Hope Uzodinma, Governor of Imo State, has urged the Federal Government to compensate the South-East for the losses the region suffered during the Nigerian Civil War.
Governor Uzodinma made the plea while declaring open a zonal public hearing on the review of the revenue allocation sharing formula organised by the Revenue Mobilisation Allocation and Fiscal Commission (RMAFC) in Owerri, the Imo State capital, on Wednesday.
The civil war, also known as the Biafra War, occurred from 1967-1970.
According to the governor, a special fund should be established to compensate people of the South-East, especially those whose families were affected.
He explained that the special fund would provide succour to those who lost their properties and family members during the civil war.
He said: “I think the debacles of the civil war led the south-east into a deep poverty level; houses were burnt down, people were killed.
“Only recently, a special law was enacted as the North-East Development Commission, arising from the disaster of Boko Haram incidents. But the 30-month civil war that ended in 1970 left the south-east in a state of penury.”
Governor Uzodinma also described the current revenue allocation formula as “obsolete” and chronicled how the South-East has suffered “great injustice” from the sharing of the revenue.
He said: “Today, as it stands, the federal government takes home 52.68 per cent, state governments, 26.72 per cent, while the 774 local government areas take home 20.60 per cent.

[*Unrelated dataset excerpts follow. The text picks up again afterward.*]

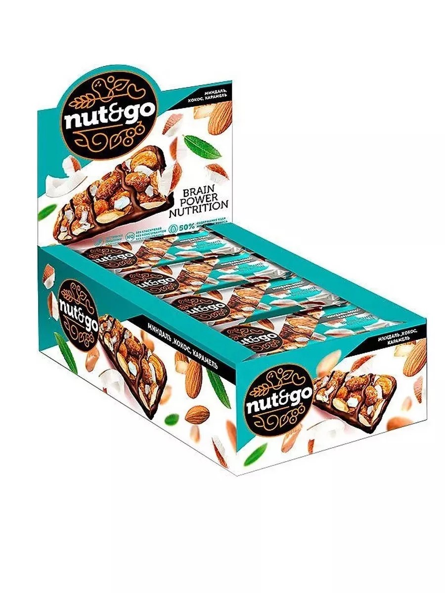 Батончик "Nut&Go"миндаль, кокос, карамель, 18 ш по 36 г
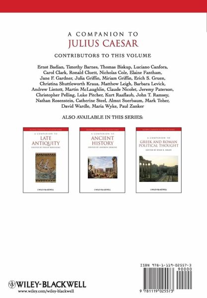 A Companion to Julius Caesar comprises 30 essays from leading scholars examining the life and after life of this great polarizing figure. Explores Caesar from a variety of perspectives: military genius, ruthless tyrant, brilliant politician, first class orator, sophisticated man of letters, and more Utilizes Caesar's own extant writings Examines the viewpoints of Caesar's contemporaries and explores Caesar's portrayals by artists and writers through the ages
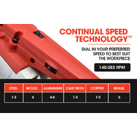 The clever 2-in-1 design includes a benchtop stand which enables you to perform the functions of a Metal Cut-off saw. Workpieces are easily secured in the quick-adjust vice clamp, and precise cuts including mitres can be made using the onboard scale. As an added benefit, unlike a traditional chop saw the Baumr-AG slices through metal with no sparks, and is cool to touch after the cut!
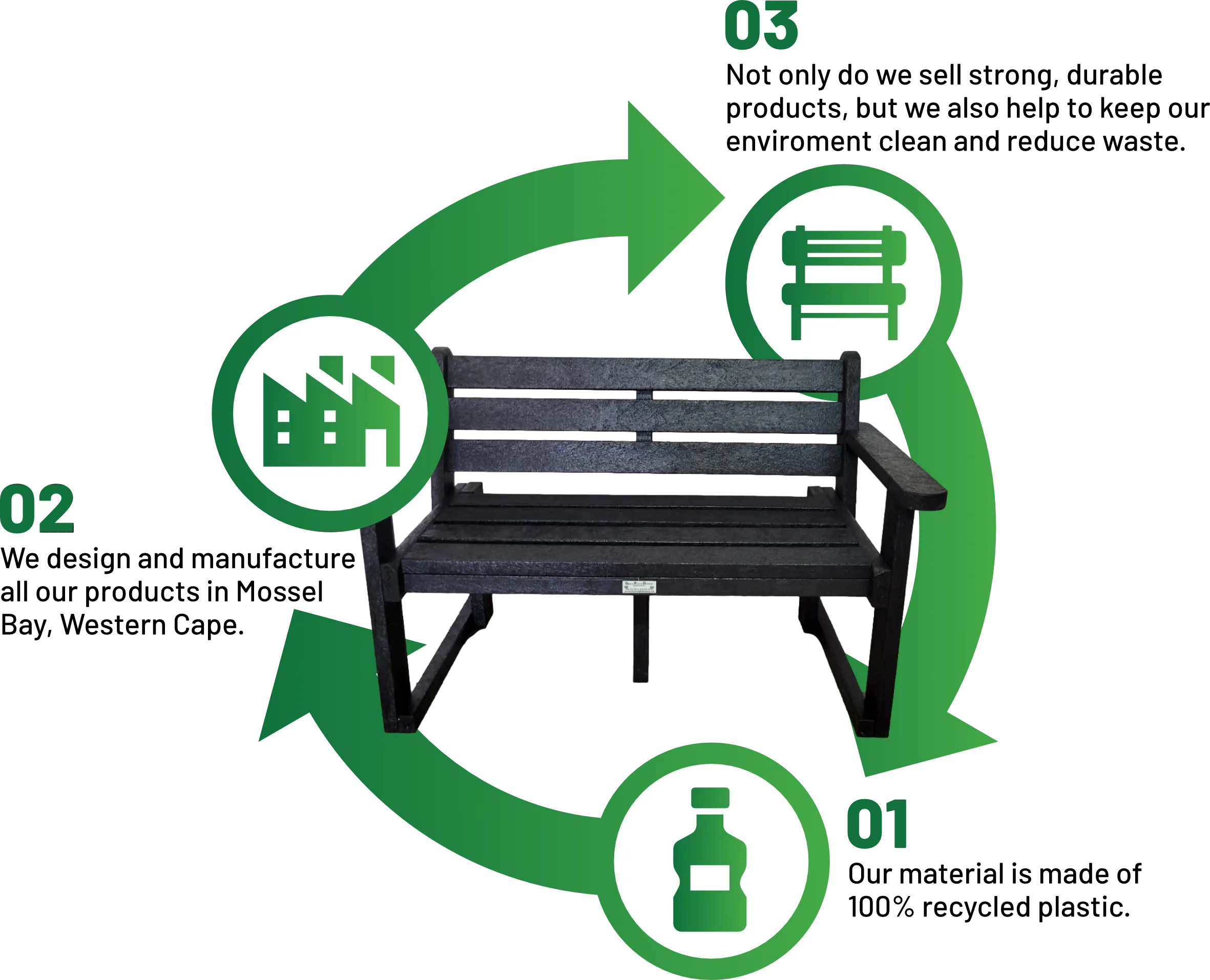 Green Plastic Designs is a company located in Mossel Bay, Western Cape, in the heart of the Garden Route. We are dedicated to providing sustainable and environmentally friendly furniture solutions for your outdoor living space. Our furniture is made from 100% recycled plastic, making it not only stylish but also eco-friendly. Each piece is carefully designed and crafted to the highest standards to ensure durability, strength, and longevity.
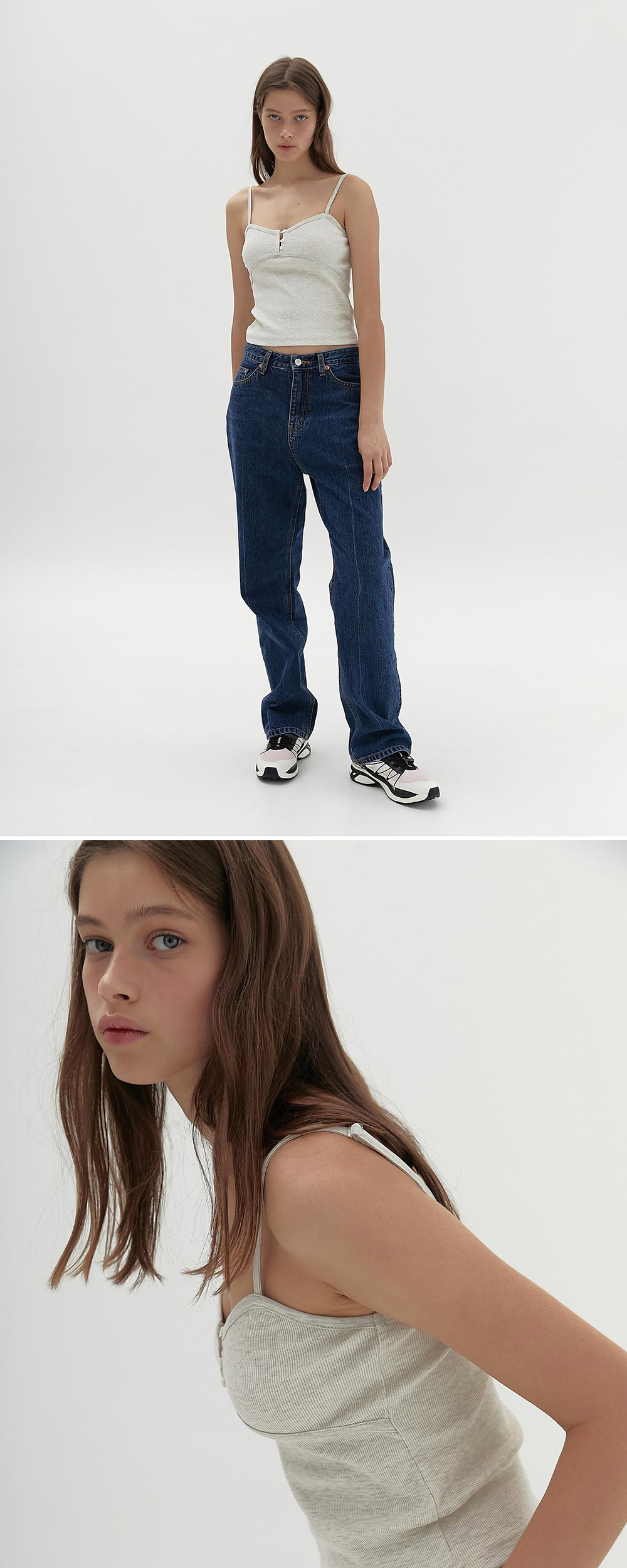 [예약 배송] 헤더먼트 바인딩 버튼 캐미솔 오트밀 멜란지
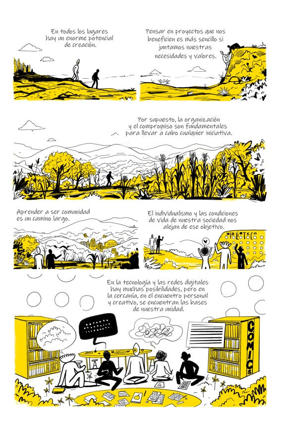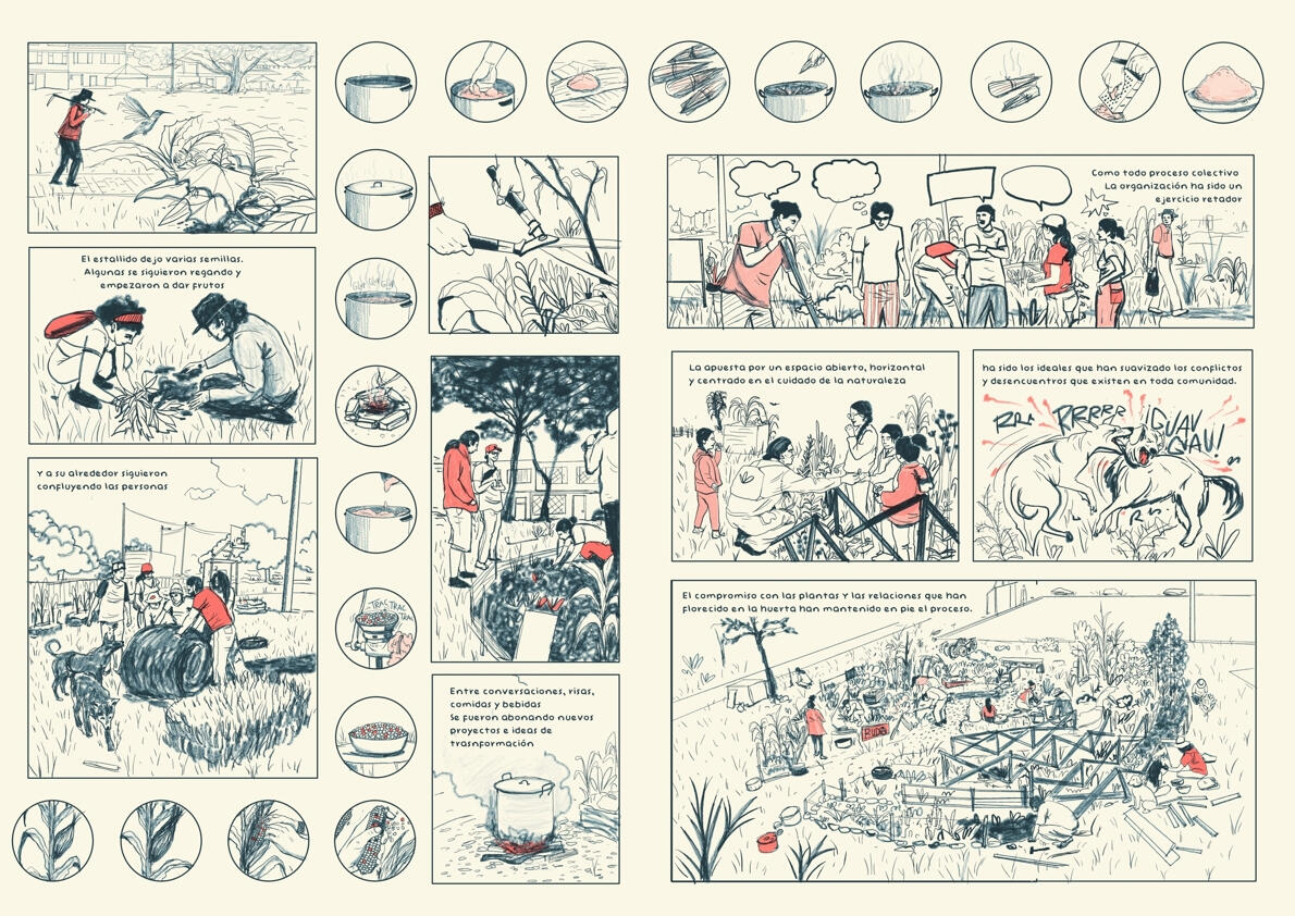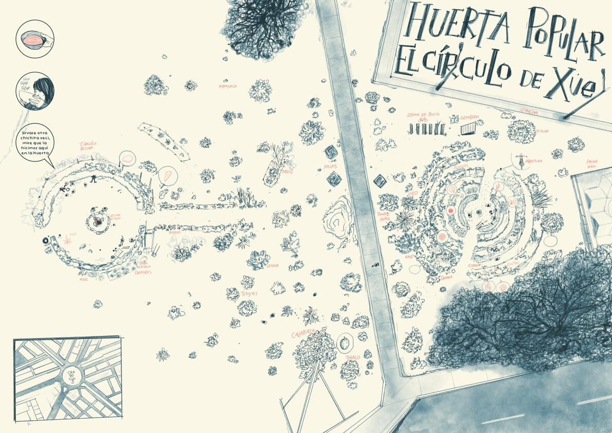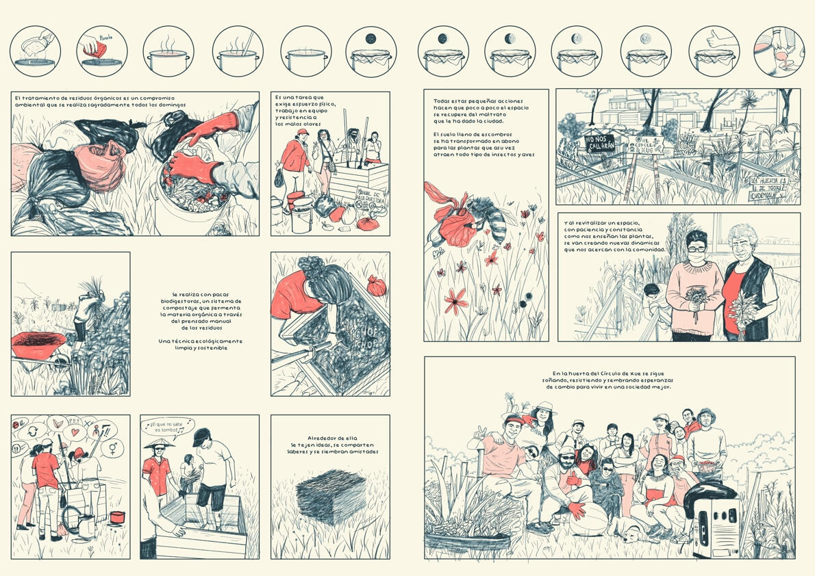 El Círculo de Xue es una huerta urbana que surgió como resultado de las asambleas populares que se llevaron a cabo en el contexto del estallido social en la localidad de Puente Aranda en 2021. Como artista y participante de este proceso comunitario, quise relatar a través de un cómic documental, la historia de lo que han sido estos años de esfuerzos colectivos, resistencia, organización y transformación del espacio público en medio de la ciudad.

He said Imo State currently has seven oil-producing companies but 43 oil wells were “wrongfully” allocated to Rivers.
The governor also said 25 per cent of gas production in Bonny is piped from Imo, but revenue accruing from it does not go to the state “while pollution is threatening the lives and assets of the residents of the area”.
He, therefore, implored RMAFC to look into the matter with a view to resolving it.